Billy was freed in January 1880 and drifted to Philadelphia, where he was frequently seen in the new high-end saloon run by the Brotherton brothers, who themselves had recently been released from San Quentin. In April 1881, Forrester was captured during a house burglary in Philadelphia, resulting in his trial, conviction, and sentencing to Eastern State Penitentiary for five years. His term ended there in November 1885.

Byrnes picks up Billy’s history in his 1895 edition:

Shortly after Forrester‘s release from the Eastern Penitentiary, at Philadelphia, Pa. (in November, 1885), he was arrested at Richmond, Va., as Frank Renfrew, charged with breaking into the residence of one A. L. Lee. He was indicted for burglary and carrying burglars’ tools. While in jail awaiting trial he escaped, and the next heard from him was his arrest at Chester, Pa., in 1887, under the name of James Robinson, for safe breaking and shooting at a police officer.

He was convicted at Media, Pa., and sentenced to four years in the Eastern Penitentiary, at Philadelphia, Pa. He was released from there on March 20, 1891, re-arrested, taken to Richmond Va., where he plead guilty to having burglars’ tools in his possession, and was sentenced to five years in the penitentiary on April 9, 1891. Forrester’s time expired at Richmond, Va., on August 17, 1895.

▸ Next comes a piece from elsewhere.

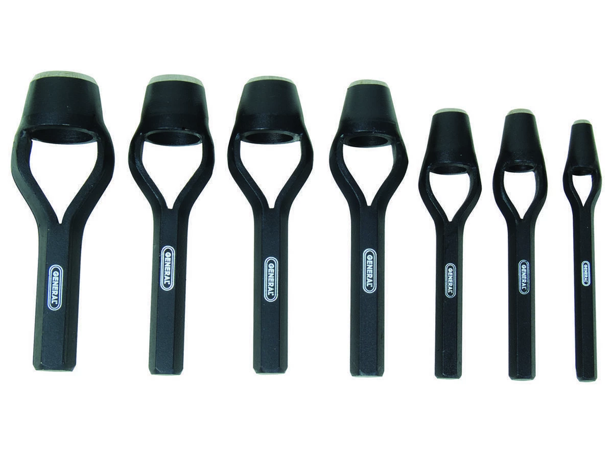 The #1271ST Seven-piece Arch Punch Set is ideal for punching round holes in gasket material, leather, rubber, canvas, cardboard, plastic, sheet metal and other soft materials.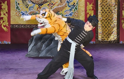 同样是候场,他并非上世纪九十年代初那位面如冠玉、即将提枪上马的“俏罗成”;亦非在天津人艺舞台上活跃30余年,亮相便如一束追光、单纯而青春的“周冲”,或是集市侩、狡诈与卑微于一身的“鲁贵”。此时,上场门的布帘之后,头戴软素罗帽,身穿素侉衣、素褶,腰扎鸾带,足蹬薄底靴,手攥哨棒的他,是即将痛饮十八碗,奔赴景阳冈的打虎英雄——武松。

It should be noted that while Billy was devoting time to prison in Philadelphia and Richmond between 1885 and 1895, another criminal who took the alias “Billy Forrester” was active in Denver, Butte, and Chicago. His specialty was safe-cracking.

After Billy got out of prison in Richmond in 1895, he was taken in Washington, D. C. and held to account for a robbery there. He was sentenced to ten years, to be served in Albany County Penitentiary in New York.

Gaining his freedom in 1902, Billy went to New York City and lived for awhile with an old friend, Dan Noble. Flat broke, he approached the Pinkerton Agency in New York and asked for a loan to tide him over until he gained employment. They offered him a small amount in cash, and tried to recruit him as an informer. He declined.

He was never heard from again, until 1909, when he went to Buffalo to meet William A. Pinkerton. Though he tried to press Pinkerton to support his claim to back pay from the Navy, in truth he seemed just pleased to talk to his old adversary.

Billy was then working as a facilities superintendent for “a major Catholic institution near Niagara Falls,” described as a large monastery. This almost certain refers to the Mount Carmel monastery in Niagara Falls, Ontario. Billy managed a staff of seven there, working from 1903 until his death in 1912.